Arguably one of the biggest issues that any new law enforcement trainer (whether firearms, defensive tactics, FTO, etc) faces is credibility. Even more so is having credibility within one's own agency. As a popular saying goes, "You're never a prophet in your own land." But credibility, like respect, must be earned; it cannot be demanded or implied. To have earned credibility amongst your peers is one of the highest honors you can obtain as an instructor. The second, in my opinion, is having your trainees become more proficient than you due to the quality of your instruction. This is especially true with police officers that are by nature, highly suspicious and often times cynical.
But just how do you earn credibility? 
Your 'cred' as an instructor, trainer, etc, begins from the day you first became a police officer and stepped into the building on your first day of work. From how you performed in the academy and your field-training program to the day-to-day activities you undertook in your various roles (patrol, investigations, etc), you were being judged and evaluated by your peers and your supervisors. During this period, through conduct and deed, you were either building your resume' for future credibility as an instructor, or in some cases, undermining your chances altogether (a point, unfortunately, often lost on a few candidates). 
Once you become 'ordained' as a trainer, the first thing your peers (trainees) in your agency check to see is if you 'walked the walk' as a patrol officer/investigator. If so, you've got a good foundation on which to build as a trainer. If not, you've got a long row to hoe, as most of your message will be lost amidst questions over your character.
As a trainer, you must lead your troops by example. This means being professional in all that you do. For example, I admit to being somewhat neurotic when it comes to spelling. If you submit written work, whether reports or training bulletins, and the material is rife with spelling and glaring grammatical errors, you erode your own credibility as both an officer and instructor. I'm not even going to go into supervisors who sign off on those reports as acceptable.
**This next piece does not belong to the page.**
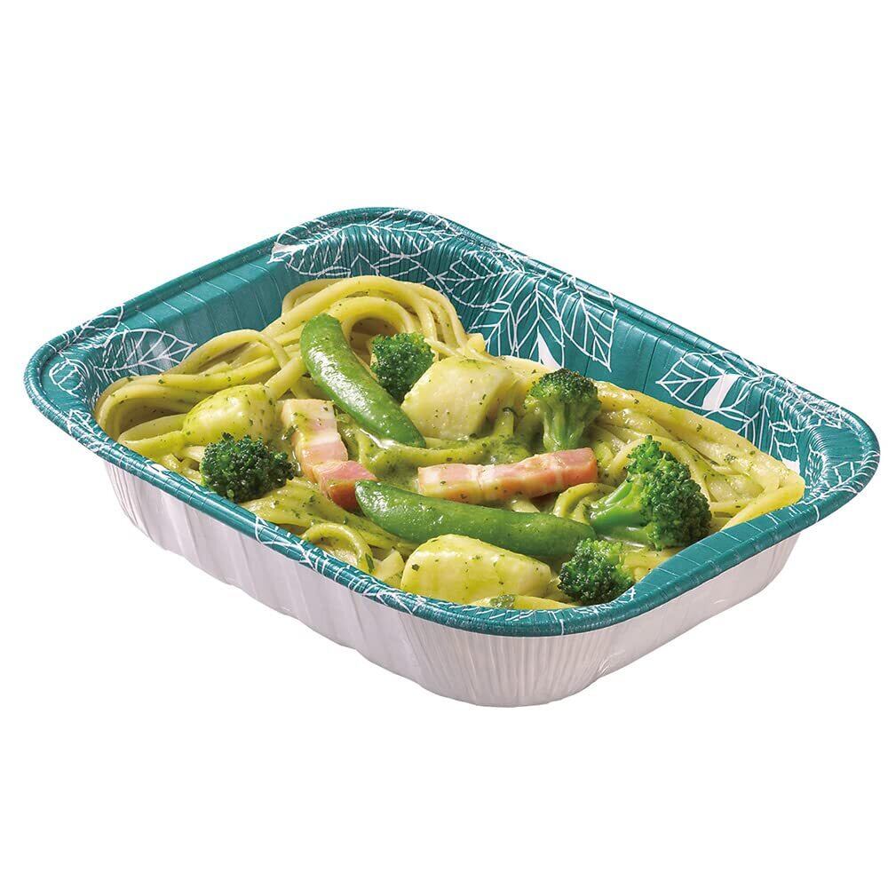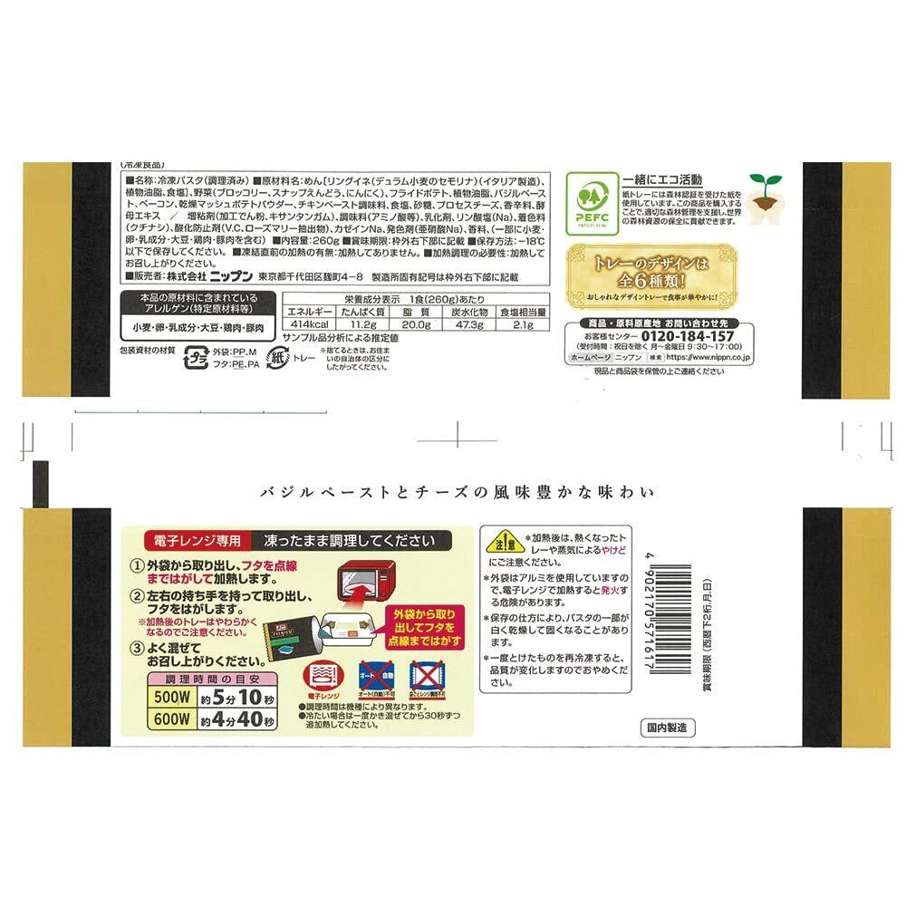 めん[リングイネ(デュラム小麦のセモリナ)(イタリア製造)、植物油脂、食塩]、野菜(ブロッコリー、スナップえんどう、にんにく)、フライドポテト、植物油脂、バジルペースト、ベーコン、乾燥マッシュポテトパウダー、チキンペースト調味料、食塩、砂糖、プロセスチーズ、香辛料、酵母エキス / 増粘剤(加工でん粉、キサンタンガム)、調味料(アミノ酸等)、乳化剤、リン酸塩(Na)、着色料(クチナシ)、酸化防止剤(V.C、ローズマリー抽出物)、カゼインNa、発色剤(亜硝酸Na)、香料、(一部に小麦・卵・乳成分・大豆・鶏肉・豚肉を含む)

Full Article: http://www.policeone.com/police-products/training/articles/1769384-P1-Exclusive-Walking-the-walk/


----------



## Kem25 (Aug 7, 2007)

the first thing your peers (trainees) in your agency check to see is if you ‘walked the walk’ as a patrol officer/investigator. If so, you’ve got a good foundation on which to build as a trainer. If not, you’ve got a long row to hoe, as most of your message will be lost amidst questions over your character.


The same thing is true for "brass". How many of us know of a Sgt./Lt./Capt. or Chief that were (and still are) afraid of their own shadow and never done a day of police work in their career.


----------